72. Пятигорск. По Лермонтовским местам

Незабудка07
Предыдущая глава 71. "Схватка":
http://proza.ru/2021/03/07/2002


             В июле, в один из дней недели, отец взял на работе отгул и решил свозить нас в Пятигорск, показать достопримечательности Северного Кавказа, тем более, что там, действительно, было на что посмотреть.

              Погода в тот день стояла прекрасная, сухая, солнечность перемежалась с лёгкой облачностью, так что комфортное тепло ласкало тело: тот случай, когда в прямом смысле говорят, что ни жарко, ни холодно.

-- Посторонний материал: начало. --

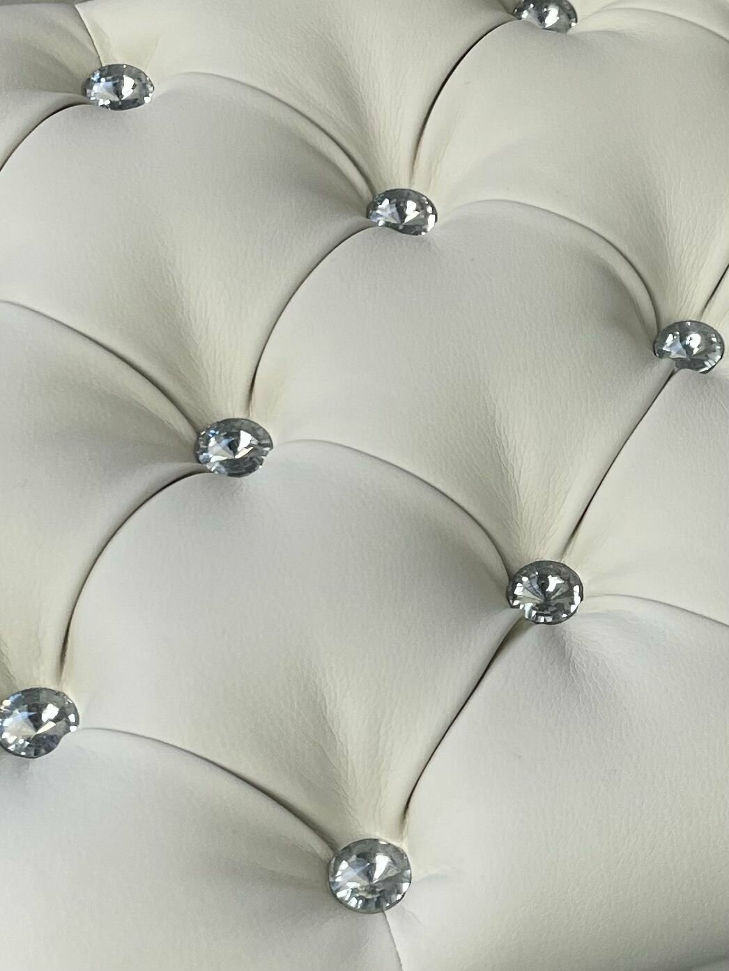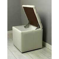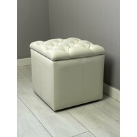 Пуф амалия люкс (Стразы, Экокожа) пуфик с каретной стяжкой открывающийся) идеально подойдет в Вашу прихожую, гостиную или спальню. Вам понравится, насколько изменится Ваша комната с этой очаровательной банкеткой. Чехол обивки из качественной Экокожи. Размеры банкетки (пуфика): длина 38 см , ширина 38 см , высота 39 см . Она поставляется в собранном виде и упакована в гофрокартон. Банкетка в прихожую имеет большой короб с внутренними размерами: длина 32 см, ширина 32 см, глубина 29 см. Выдерживает нагрузку до 150 кг. Сиденье оформлено каретной стяжкой и изящными стеклянными стразами. Под крышкой (сиденьем) находится большой ящик для хранения. Крышка закреплена надежными антресольными петлями с пружинами, которые обеспечивают плавное открывание и закрывание, а также удерживают сидение в открытом положении. Коробка корпуса изготовлена из толстого ламинированного ДСП 16 мм. Мягкий ППУ (пенополиуретан) на боковинах делает их комфортными, не жесткими и создает вместе с декоративными строчками визуальную рельефность. На мебель снизу установлены надежные пластиковые черные ножки, которые обеспечивают устойчивость и не царапают пол. Пуфики имеет конструкцию корпуса, которая позволяет, при желании Покупателя, установить снизу на дно любые варианты ножек. Тем самым Вы можете увеличить банкетку по высоте, дополнительно сделать акцент на стиле комнаты (современный, модерн, классический и т. д.) Пуфики для прихожей и мягкие вешалки фиессо (из нашего ассортимента мебели) - прекрасный комплект для коридора. Пуфы с ящиком удобны в прихожей для хранения обуви (обувница) и других вещей. Прихожая, в которой будут наши банкетка с местом для хранения и вешалка в ткани из велюра (или кожзам в качестве обивки), станет украшением Вашего дома. Пуф прямоугольный в детскую можно использовать для хранения игрушек. Пуфы и банкетки для гостиной и в зал создадут дополнительные места для сидения и хранения. Банкетка для спальни дополнит кровать и станет местом, куда удобно будет убирать покрывало, накидки и другие постельные принадлежности (займется их хранением). Её можно поставить у туалетного столика. К туалетному столику отлично подойдут пуфы из нашей коллекции, как с маленькими неприметными черными пластиковыми опорами, так и с высокими деревянными резными ножками (белыми или венге). Для кухни идеальным вариантом будут банкетки с глубокими ящиками под сидением. Высококачественная искусственная кожа Экотекс с полиуретановым покрытием обладает высокой устойчивостью к многократному изгибу, истираемости, имеет хорошие гигиенические и эксплуатационные свойства. Велюровая обивка выполнена из ткани коллекции Мазерати, которая предоставит возможность насладиться классической роскошью и элегантностью, почувствовать максимум комфорта и удовольствия. Эта ткань прекрасно чистится, поэтому для Вас даже белые пуфик из ткани и вешалка в прихожку не будут проблемными в эксплуатации. Синий и розовый велюровый тканевый материал добавит эксклюзивности в ваш интерьер. Обивка из серого микровелюра отлично подходит для прихожей. Этот классический немаркий цвет придает ей неброскую элегантность, изысканную умиротворенность. Одним словом - классика. Банкетки и пуфики являются отличным решением для подарка своим родным и близким на день рождения, юбилей, новоселье.
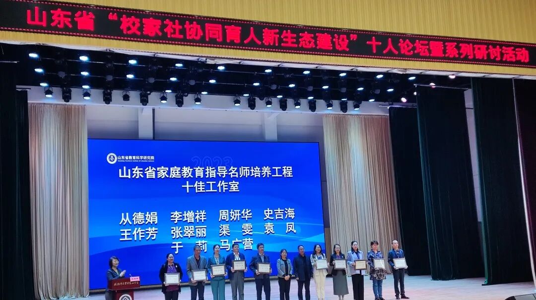 近日,山东省“校家社协同育人新生态建设”十人论坛暨系列研讨活动在威海举行。省教科院对“山东省家庭教育名师名校长培养”工作室进行了“十佳工作室”进行表彰,我区渠雯老师的名师工作室被授予山东省家庭教育指导名师培养工程“十佳工作室”荣誉称号。让我们一起来看看这个“十佳工作室”吧!

               На городской автостанции мы втроём, отец, Вера и я, с утра пораньше, сели в междугородный автобус и отправились в Пятигорск. В автобусе было душновато, несмотря на открытые окна, и попахивало бензином, поэтому меня немедленно укачало, и все сорок пять минут пути я боролась с тошнотой, изнемогая от нетерпения — когда же мы, наконец-то, приедем на место.

            Пятигорск мне понравился с первого взгляда, всё в нём было интересно для меня и привлекательно — необычность городского рельефа, извилистые улочки, убегающие то вверх, то вниз, множество старинных красивых домов, пышных садов и цветущих палисадников, великолепные горные пейзажи вокруг города. К тому времени небо уже очистилось от облаков, и солнышко ярко сияло, показывая нам Пятигорск в наиболее выигрышном свете. Сразу чувствовалось, что это южный курортный оживленный город, в отличие от сонного, скучноватого Георгиевска.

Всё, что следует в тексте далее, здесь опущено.